What is needed: Your copy should begin with the line containing "Those with congenitally", end with the line containing "А вот само письмо.", match the listing below exactly, and contain no pictures.

Given information:
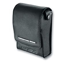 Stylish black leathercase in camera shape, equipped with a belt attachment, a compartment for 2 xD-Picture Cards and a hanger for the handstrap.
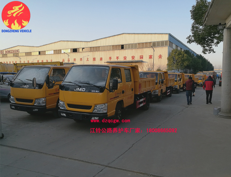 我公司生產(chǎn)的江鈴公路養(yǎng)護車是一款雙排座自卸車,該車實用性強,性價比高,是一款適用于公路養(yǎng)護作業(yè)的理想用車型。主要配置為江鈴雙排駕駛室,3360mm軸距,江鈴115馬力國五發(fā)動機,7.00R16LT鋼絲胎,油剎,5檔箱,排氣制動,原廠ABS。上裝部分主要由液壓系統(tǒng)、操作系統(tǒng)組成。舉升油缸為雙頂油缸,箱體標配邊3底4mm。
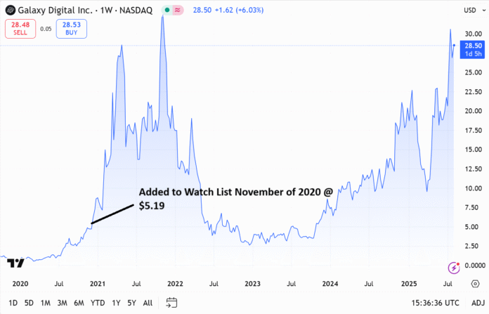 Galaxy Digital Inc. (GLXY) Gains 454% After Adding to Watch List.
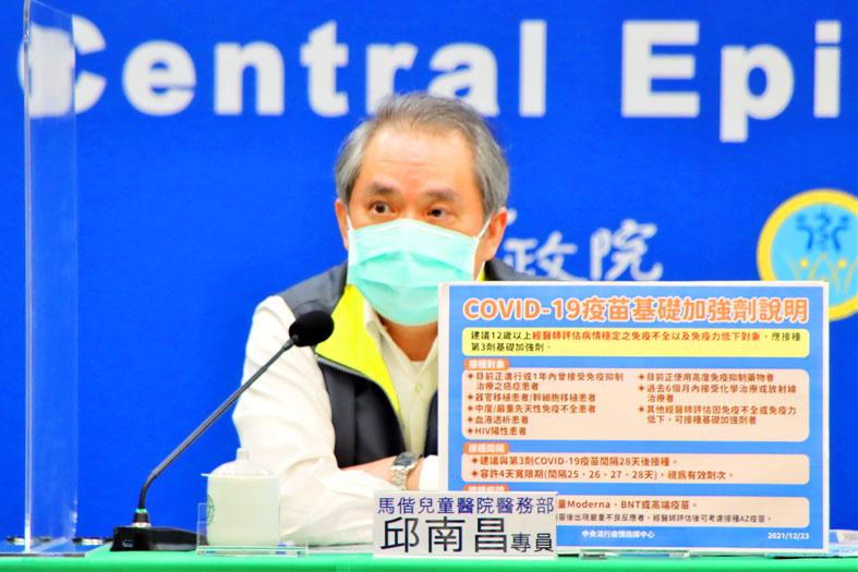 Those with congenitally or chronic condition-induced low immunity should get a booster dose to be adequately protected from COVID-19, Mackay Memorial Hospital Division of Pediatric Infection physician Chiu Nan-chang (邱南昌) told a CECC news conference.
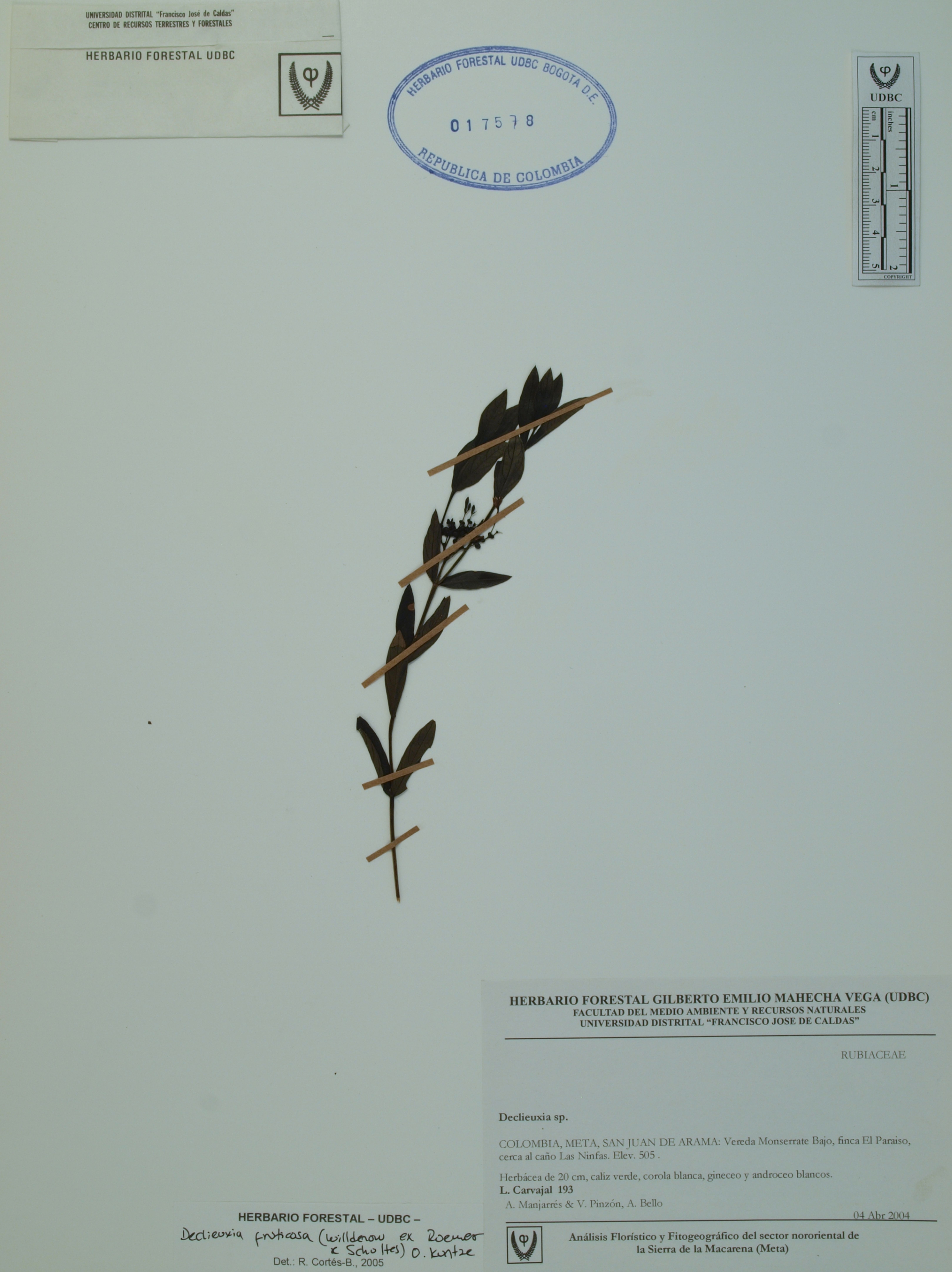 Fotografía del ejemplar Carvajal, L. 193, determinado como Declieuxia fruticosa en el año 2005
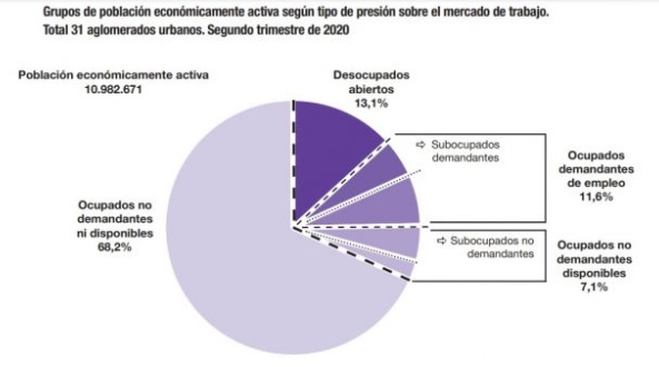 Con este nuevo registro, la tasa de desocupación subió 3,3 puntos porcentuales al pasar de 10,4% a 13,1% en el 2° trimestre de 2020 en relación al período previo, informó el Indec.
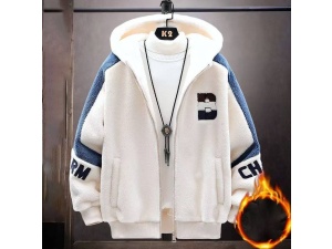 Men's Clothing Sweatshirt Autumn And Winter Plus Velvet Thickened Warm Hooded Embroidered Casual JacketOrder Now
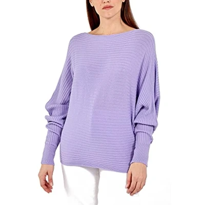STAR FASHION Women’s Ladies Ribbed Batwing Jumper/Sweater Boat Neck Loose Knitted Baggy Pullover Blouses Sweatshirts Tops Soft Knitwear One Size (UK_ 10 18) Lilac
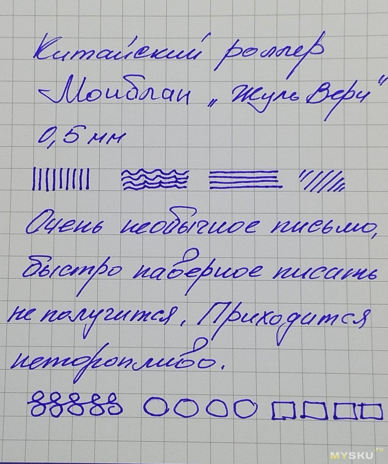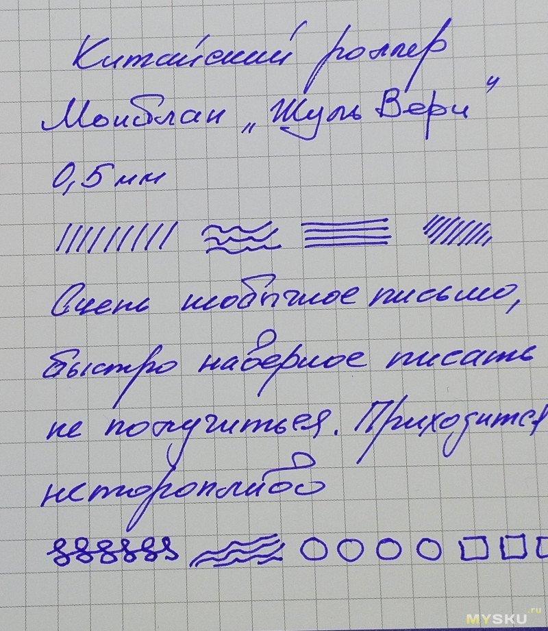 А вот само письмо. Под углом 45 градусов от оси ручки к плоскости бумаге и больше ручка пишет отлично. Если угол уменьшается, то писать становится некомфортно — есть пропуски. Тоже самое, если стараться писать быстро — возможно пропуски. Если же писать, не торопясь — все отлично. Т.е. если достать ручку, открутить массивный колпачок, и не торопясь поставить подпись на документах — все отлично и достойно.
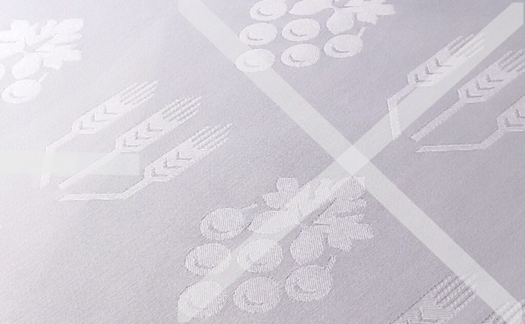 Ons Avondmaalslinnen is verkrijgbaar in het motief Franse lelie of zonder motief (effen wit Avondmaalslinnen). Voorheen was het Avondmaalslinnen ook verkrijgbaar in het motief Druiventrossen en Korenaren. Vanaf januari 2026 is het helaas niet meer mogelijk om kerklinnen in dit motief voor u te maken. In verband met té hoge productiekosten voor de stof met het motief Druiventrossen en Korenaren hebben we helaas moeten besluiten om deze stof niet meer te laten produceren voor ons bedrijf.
...
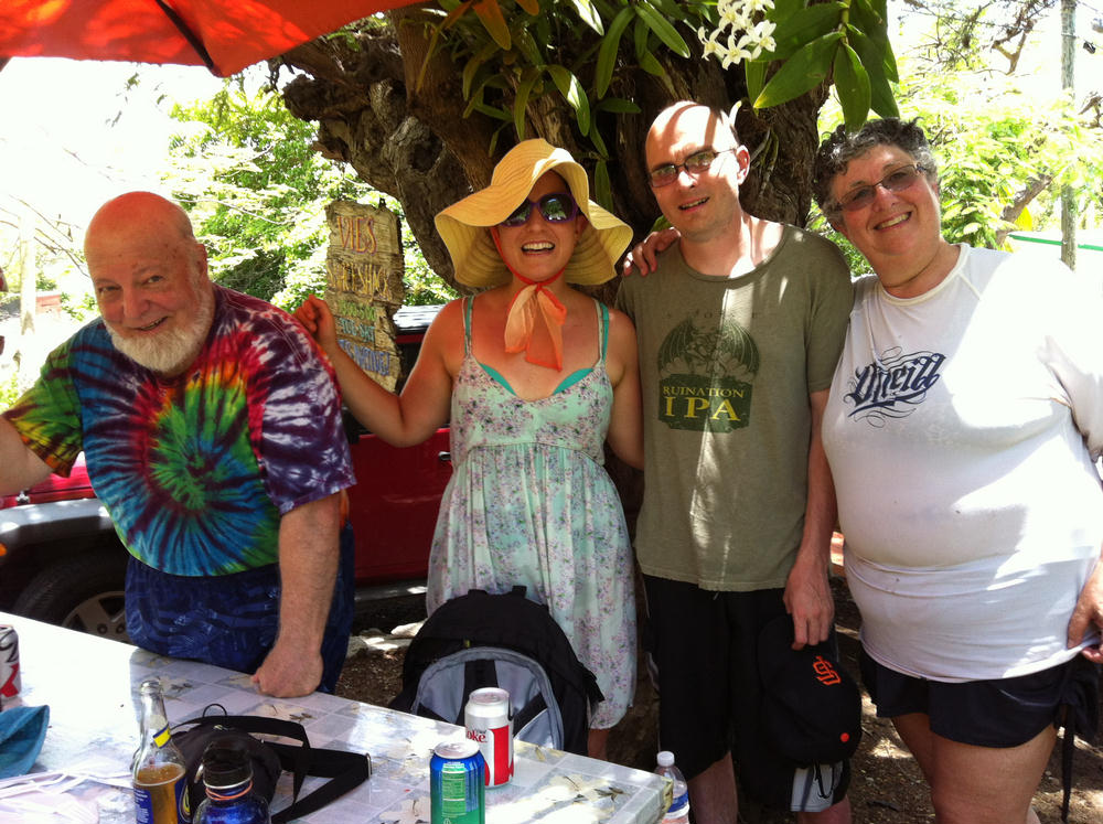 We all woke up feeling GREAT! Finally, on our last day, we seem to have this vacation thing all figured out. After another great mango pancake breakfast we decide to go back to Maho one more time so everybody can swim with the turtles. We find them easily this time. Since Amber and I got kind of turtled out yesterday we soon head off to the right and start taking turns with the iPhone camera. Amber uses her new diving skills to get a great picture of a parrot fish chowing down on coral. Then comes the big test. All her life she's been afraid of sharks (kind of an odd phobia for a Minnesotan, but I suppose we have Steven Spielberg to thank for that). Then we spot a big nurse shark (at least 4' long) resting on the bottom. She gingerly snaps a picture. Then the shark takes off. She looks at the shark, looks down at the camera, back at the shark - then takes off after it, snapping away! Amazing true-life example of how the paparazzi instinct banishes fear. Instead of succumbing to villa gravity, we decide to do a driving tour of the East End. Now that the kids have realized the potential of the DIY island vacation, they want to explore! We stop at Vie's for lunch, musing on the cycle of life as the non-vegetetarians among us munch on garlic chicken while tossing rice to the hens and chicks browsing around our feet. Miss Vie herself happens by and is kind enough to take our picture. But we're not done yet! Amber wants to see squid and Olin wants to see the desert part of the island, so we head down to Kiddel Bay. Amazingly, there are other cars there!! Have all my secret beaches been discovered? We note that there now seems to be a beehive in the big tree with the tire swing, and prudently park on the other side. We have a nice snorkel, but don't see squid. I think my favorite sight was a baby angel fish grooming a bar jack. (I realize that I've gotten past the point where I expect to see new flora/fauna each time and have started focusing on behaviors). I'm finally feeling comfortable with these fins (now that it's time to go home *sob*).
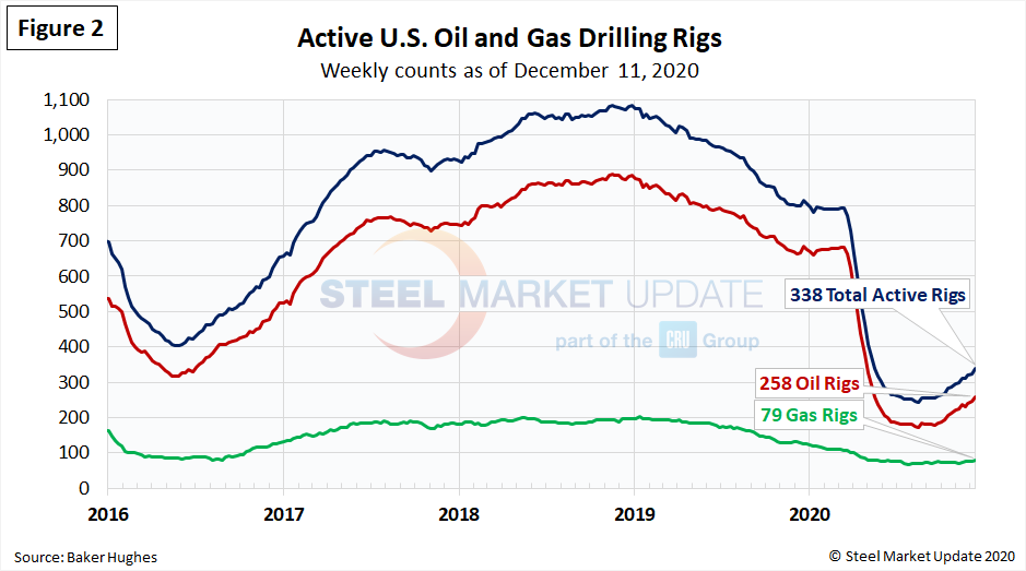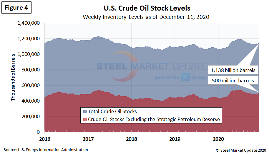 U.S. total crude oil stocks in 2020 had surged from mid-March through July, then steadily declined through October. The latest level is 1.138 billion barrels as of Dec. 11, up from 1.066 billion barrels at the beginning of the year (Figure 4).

Worked solution:
 Those with congenitally or chronic condition-induced low immunity should get a booster dose to be adequately protected from COVID-19, Mackay Memorial Hospital Division of Pediatric Infection physician Chiu Nan-chang (邱南昌) told a CECC news conference.
 Fotografía del ejemplar Carvajal, L. 193, determinado como Declieuxia fruticosa en el año 2005
 Con este nuevo registro, la tasa de desocupación subió 3,3 puntos porcentuales al pasar de 10,4% a 13,1% en el 2° trimestre de 2020 en relación al período previo, informó el Indec.
 Men's Clothing Sweatshirt Autumn And Winter Plus Velvet Thickened Warm Hooded Embroidered Casual JacketOrder Now
STAR FASHION Women’s Ladies Ribbed Batwing Jumper/Sweater Boat Neck Loose Knitted Baggy Pullover Blouses Sweatshirts Tops Soft Knitwear One Size (UK_ 10 18) Lilac
 А вот само письмо. Под углом 45 градусов от оси ручки к плоскости бумаге и больше ручка пишет отлично. Если угол уменьшается, то писать становится некомфортно — есть пропуски. Тоже самое, если стараться писать быстро — возможно пропуски. Если же писать, не торопясь — все отлично. Т.е. если достать ручку, открутить массивный колпачок, и не торопясь поставить подпись на документах — все отлично и достойно.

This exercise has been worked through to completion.